It takes a village to heal depression

I have read about personalities who died by suicide, allegedly because of depression, including Korean K-Pop Shinee’s Jonghyun, and Korean actor Jun Tae Soo. Their deaths put on spotlight certain realities many of us have chosen to overlook. [ See related story here:]

I have family members who battled with depression. And while they suffered, I also suffered, and so were the rest of the household, extending to other people who know us. This makes me wonder how other families go through the same ordeal as ours.

I will skip the statistics because numbers do not matter at all when it comes to this topic. It is neither consoling to know how many people worldwide suffer from depression or which countries have the highest depression rates or suicide rates because of depression. Depression is never about “the more the merrier” situation. Depression is a test of human compassion as it is cathartic for anyone dealing with a loved one with depression.

What depression is not

One quote that struck me is this: “When you’re depressed you don’t control your thoughts, your thoughts control you. I wish people would understand this.” I do not know who authored this quote but it somewhat reveals how gripping depression is and it is not easy to deal with.
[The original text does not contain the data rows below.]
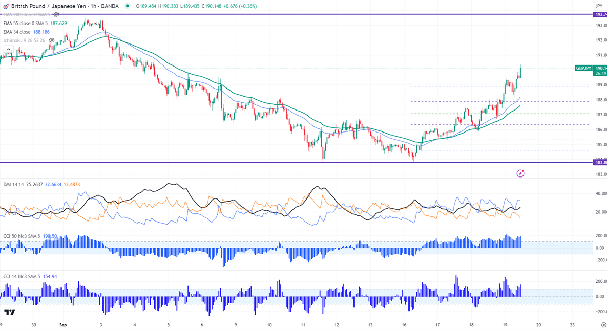The pair is trading above short-term 34, below 55 EMA (187.19 and 186.88), and long-term 200 EMA (189.81) in the 4-hour chart.
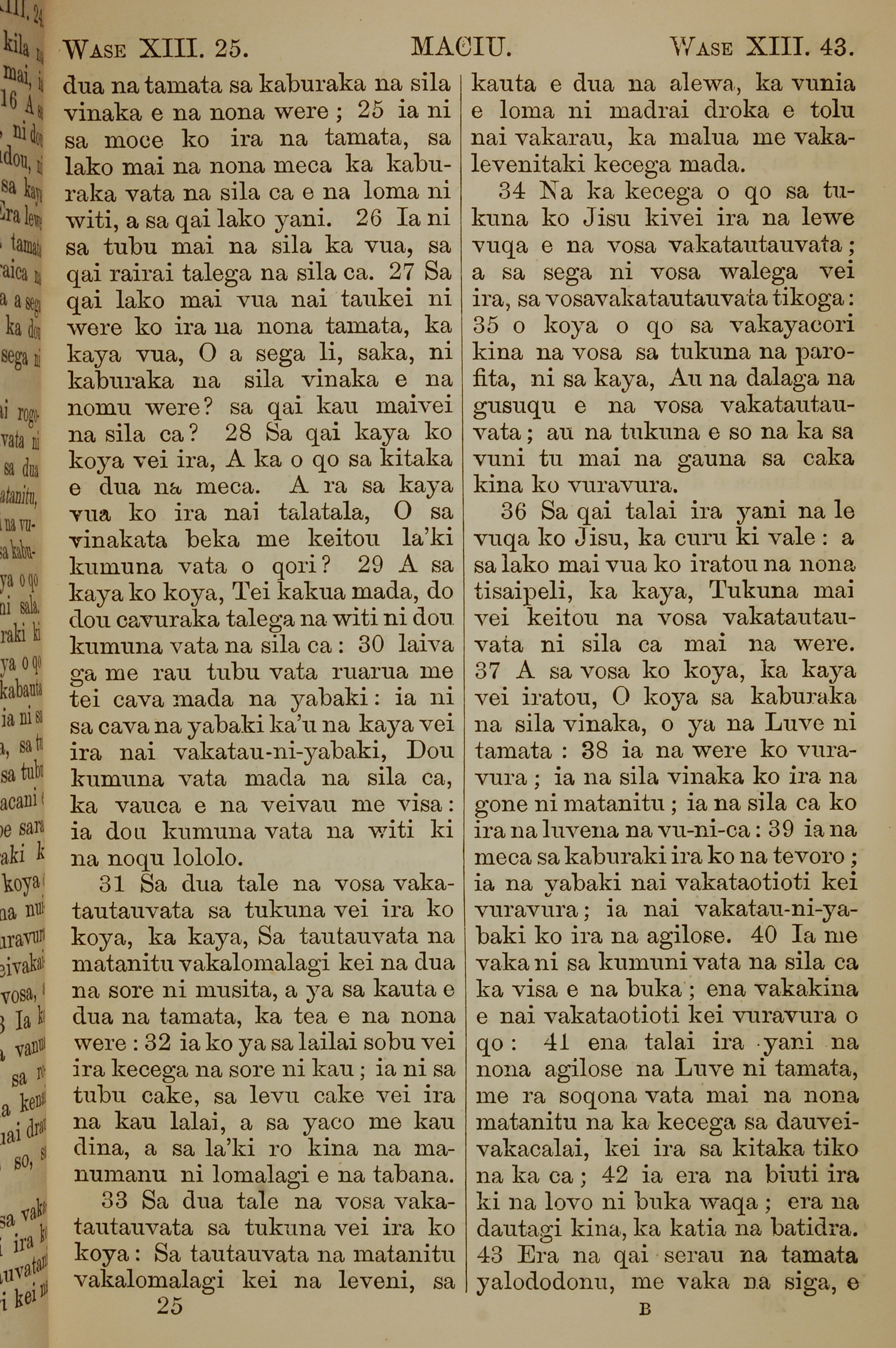 1858年斐济文新约全书 马太福音 13 章 25 节到 13 章 43 节
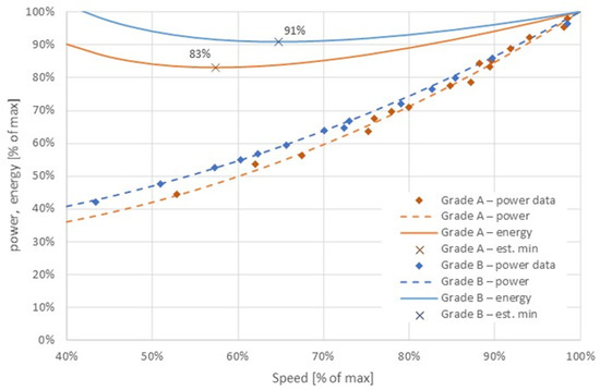 Figure 9 depicts normalized power and energy data for two different paint grades. The dotted lines are estimated quadratic power curves for different equipment speed regimes (diamond markers). The solid lines represent the estimated normalized total energy and are obtained from the power curves dividing by the speed (as the necessary time to mix the product to the same number of turns is inverse of speed). The visibility of these curves separated by product grade (context variable) brought awareness of the potential savings.

Depression is “infectious”, whether it is caused or triggered by physical illness, life changes, inability to cope with pressures, and a myriad of other things. It does not only attack one person but also the people who care for that person. As while the depressive suffers, the people around them would be in turmoil about how to help, to understand, to give comfort and even to attempt to heal. In many cases, if I may say so, professional help can only do half as much as what compassion of a family member, friend or colleague can give the person with depression.

My experience is that I was like walking on eggshell, afraid for it to break; at times I would walk on tip-toe, careful not to make the slightest footfall so as not to startle the depressive and make them defensive; and many times I had to put on a strong front even though I was breaking inside, feeling helpless.

Not in the slightest would I know if that was how depressives would want their family or friends to feel towards the situation. But that is exactly what makes the situation “fragile” for the people around the person with depression. The bond amongst them does not spare empathy. It is a 24/7 commitment to be able to take part in that healing process of the depressive; and to endure the seeming futility of the attempt on a day-to-day basis.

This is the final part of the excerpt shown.